The Ban’s Reauthorization or Expiration Could Affect Gunshot Victimizations, But Predictions are Tenuous

  • Should it be renewed, the ban’s effects on gun violence are likely to be small at best and perhaps too small for reliable measurement. AWs were rarely used in gun crimes even before the ban. LCMs are involved in a more substantial share of gun crimes, but it is not clear how often the outcomes of gun attacks depend on the ability of offenders to fire more than ten shots (the current magazine capacity limit) without reloading.
  • Nonetheless, reducing criminal use of AWs and especially LCMs could have non-trivial effects on gunshot victimizations. The few available studies suggest that attacks with semiautomatics – including AWs and other semiautomatics equipped with LCMs – result in more shots fired, more persons hit, and more wounds inflicted per victim than do attacks with other firearms. Further, a study of handgun attacks in one city found that 3% of the gunfire incidents resulted in more than 10 shots fired, and those attacks produced almost 5% of the gunshot victims.

Some things to note from this summary:

First, the report states that “It is Premature to Make Definitive Assessments of the Ban’s Impact on Gun Crime”.  The reason why it is premature – the many exemptions that still allowed the purchase of assault weapons and  large capacity magazines. This slowed the effect of this law and meant that a true result would take several more years to become clearly apparent.

Second, “should it be renewed, the ban’s effects on gun violence are likely to be small at best and perhaps too small for reliable measurement”. The reason for this is that assault weapons were rarely used in crimes before the ban, and the effects of large magazine capacity are still unclear.

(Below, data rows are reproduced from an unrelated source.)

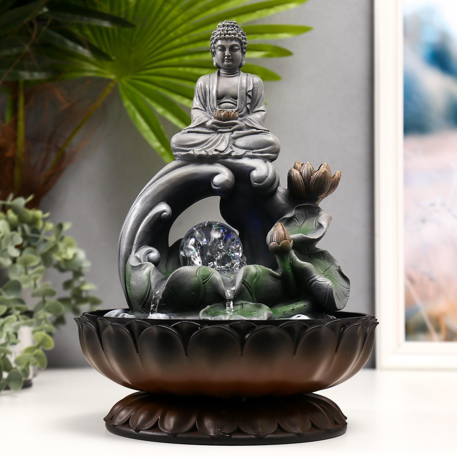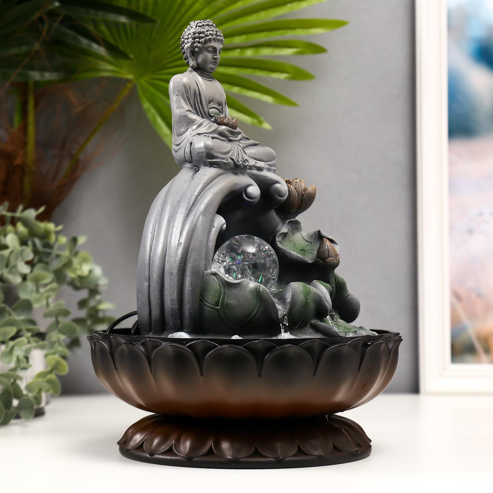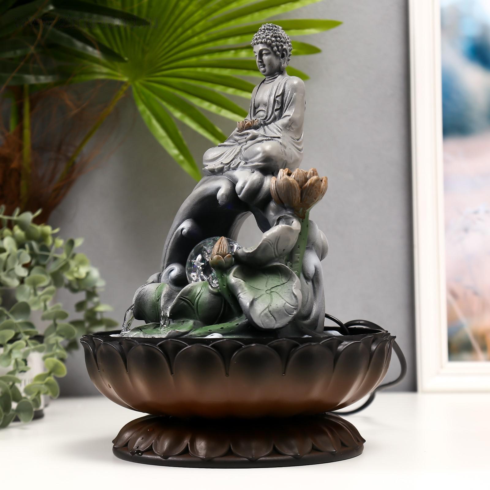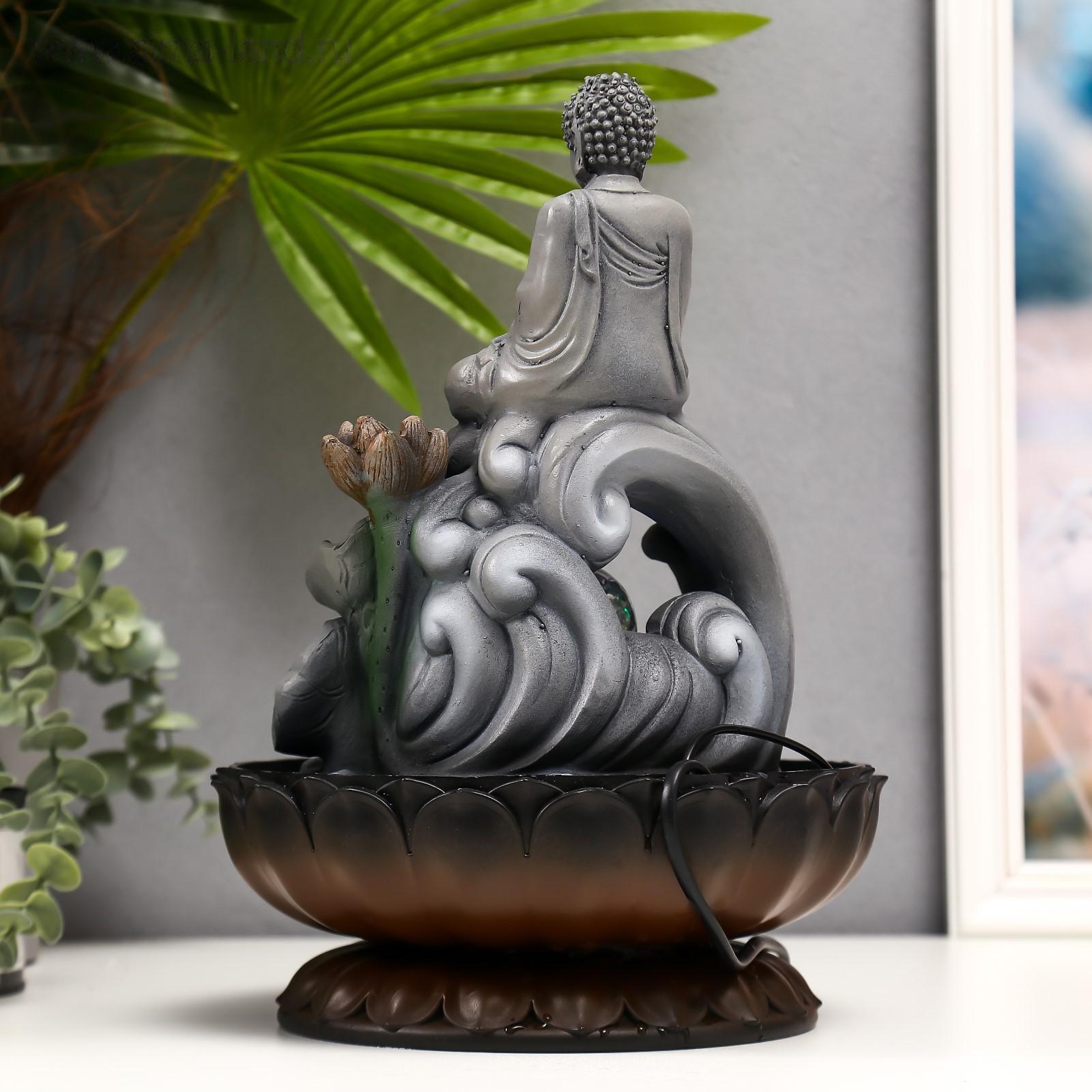 Фонтан настольный от сети, подсветка "Серый будда на волне" 34х23х23 см 5134871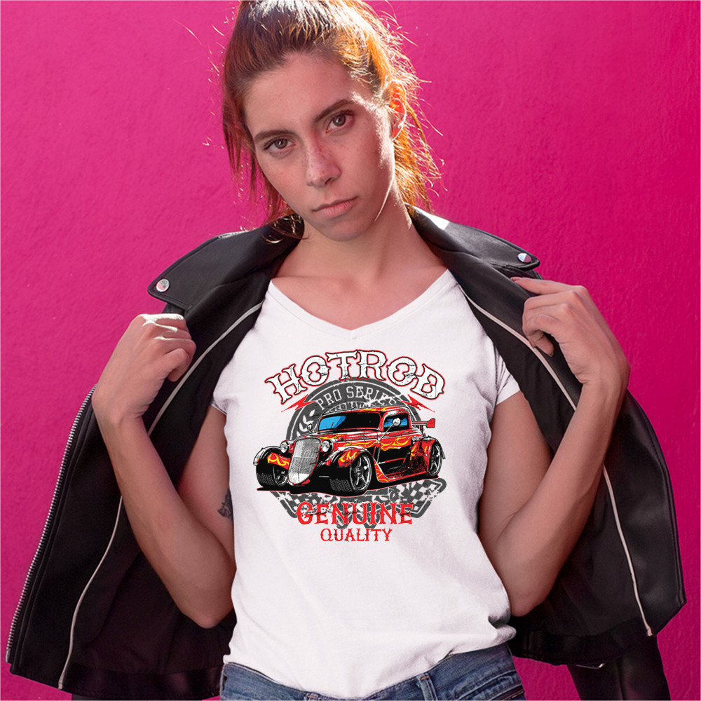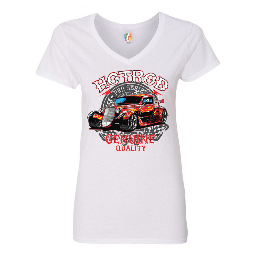 HOTROD women's v-neck t-shirt american muscle hot rod old school racing tee white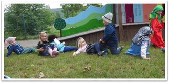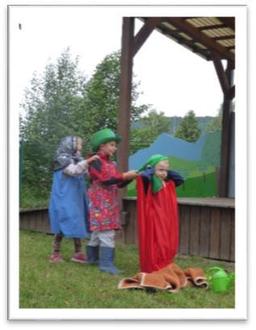 Doch das Beste kam jetzt: wer Lust und Laune hatte, durfte nun selbst zum Schauspieler werden und in eine Rolle seiner Wahl schlüpfen. Die Begeisterung war groß und das Angebot wurde reichlich genutzt, sich als „Großvater“, „Mäuschen“ oder „Enkelchen“ zu verkleiden. Es war eine schöne Erfahrung für die Kinder, einmal in eine andere Rolle zu schlüpfen und sich vor Zuschauern zu präsentieren.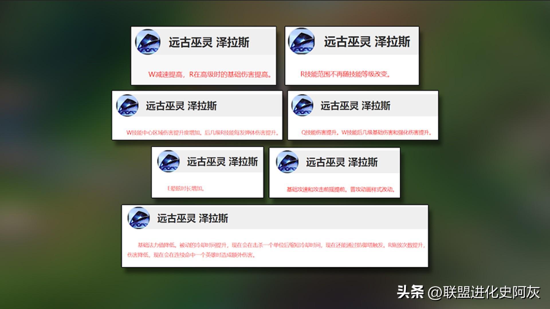 在這之後,澤拉斯的人生一路開掛,七年半時間裏(S6中期至今),共計加強七個版本,五尿差點變七尿(最後折中六尿),力度相當恐怖,而削弱僅有一次,且幾乎可以忽略不計,已經是純純數值怪了。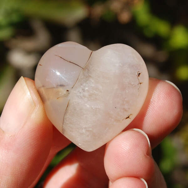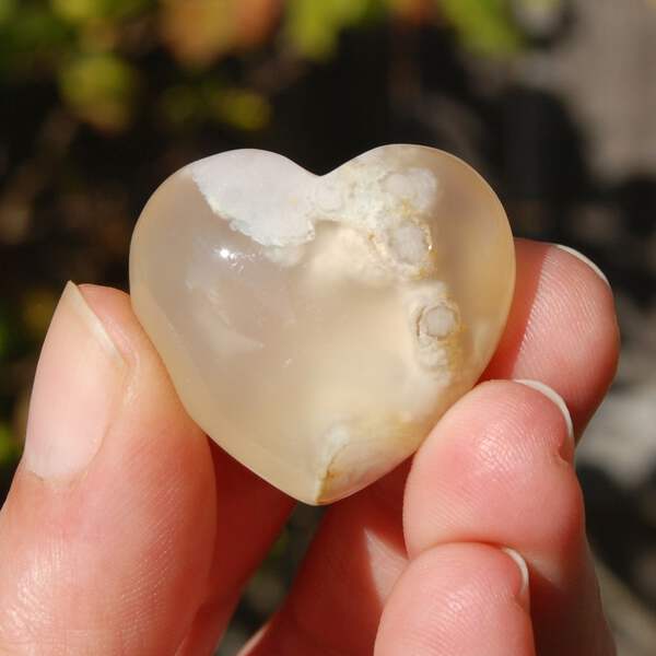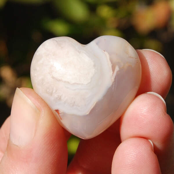This listing is for ONE intuitively selected Sakura Agate crystal heart. I have photographed several to illustrate variation.

Third, despite the above uncertainty in measurement, “reducing criminal use of AWs and especially LCMs could have non-trivial effects on gunshot victimizations”.  In the FactCheck.org article, it quotes Christopher Koper, from a presentation he made in January 14 and 15 at John Hopkins University.

So, using that as a very tentative guide, that’s high enough to suggest that eliminating or greatly reducing crimes with these magazines could produce a small reduction in shootings, likely something less than 5 percent. Now, we should note that effects of this magnitude could be hard to ever measure in any very definitive way, but they nonetheless could have nontrivial, notable benefits for society. Consider, for example, at our current level of gun violence, achieving a 1 percent reduction in fatal and non-fatal criminal shootings would prevent approximately 650 shootings annually…And, of course having these sorts of guns and particularly magazines less accessible to offenders could make it more difficult for them to commit the sorts of mass shootings that we’ve seen in recent years.

This same article then goes on to state:

Koper concluded by saying that “a new ban on large capacity magazines and assault weapons would certainly not be a panacea for gun crime, but it may help to prevent further spread of particularly dangerous weaponry and eventually bring small reductions in some of the most serious and costly gun crimes.

This is all very different from Mr. Correia’s inaccurate summation of this commission’s findings that the Federal Assault Weapon Ban “ accomplished absolutely nothing”.

Let me also draw your attention to the many instances in which this report emphasized the importance and impact of banning large capacity magazines.  That is something that Mr. Correia, and thus myself, will be addressing later.


As for his stated reasons for why people need assault weapons with large capacity magazines, I will address that in a later blog too. Let me just say though that he and I have a different view of society and risk, something I have already alluded to in my previous blogs.


As I noted in my last blog, for various reasons I am running behind in writing these blogs. Because of this I am still not sure how many more are left.  I do though now have a range – between two and three more.